Time-honored approach. Vlad was just reading his Bible closely.
"Fundamentalism" isn't about divine morality. It's about human authority.
excuse my ignorance, but does Linux actually CODE stuff that goes into the kernel, or does he just say who gets to put stuff in it, and manage the source?
Lets say he's not technically knowledgeable enough to understand ALL the code in there, who's to say he's the best person to say what does/doesnt get in?
i wish i was but oh well
An awful lot of the tech budget these days is going into war/espionage activities and worries about security.
Sadly, OBL and terror/the response/overreaction to terror is #1.
the major advances in civilization are processes which all but wreck the societies in which they occur - A.N. White
Errrmm.......
Gates I will agree is influential in business. Let's not forget the huge number of CS projects going on at Microsoft too -- C# ain't half bad either (the linux community liked it enough to copy it)
Apple under Jobs, however, has made numerous contributions to UI and product design as well as the Unix core of OS X. He's also been innovative in the sense that he's used other people's existing solutions where they are adequate -- Darwin, CUPS, Samba, etc. and created his own where there are no adequate solutions (Aqua, Quartz, Cocoa).
Oh yeah.
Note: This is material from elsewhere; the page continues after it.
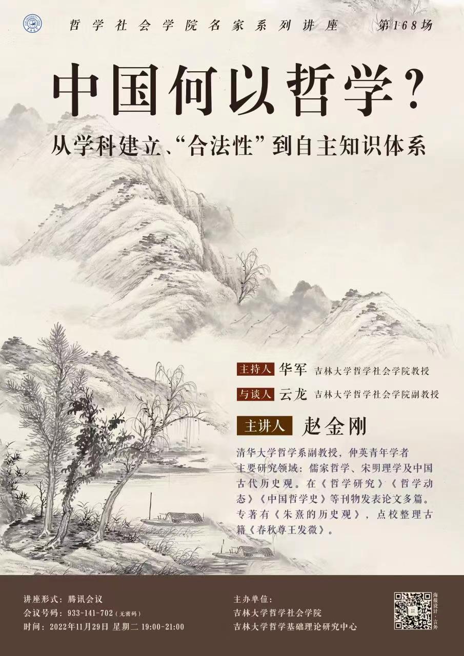 【太阳成集团tyc122cc名家系列讲座第168场】赵金刚:中国何以哲学?从学科建立、“合法性”到自主知识体系

He released a Desktop Unix which became the most popular in the world within days of its release. What Linux had been trying to do for years, he accomplished in a day. Sure, it was many years in the making, but it can't be denied that OSX was produced from scratch by far far fewer developers than it took to turn windows 2000 into XP.
Torvalds contribution to technology is questionable. There are definite things in the Linux kernel which are very innovative from a CS standpoint -- many of which were made by torvalds. The man is without a dobut a world-class computer scientist, but weather or not his ideas are original is somewhat questionable. He only influenced linux because he had direct control over Linux. His influence lies in innovation in worldwide group collaboration -- actually ORGANIZING linux. I'm not sure if that's technology innovation. Its also worth noting that in general, linux seems to be by and large a 'me-too' version of all of the other operating systems. He pulled tons of great ideas together, but many of them had already been implemented on other systems. Think of linux as a re-implementation of other people's good ideas -- remember that it WAS supposed to be a free unix re-implementation. All he was trying to do was to re-create a commercial application for free (which was strongly helped by his socialist upbringing and free ride at university).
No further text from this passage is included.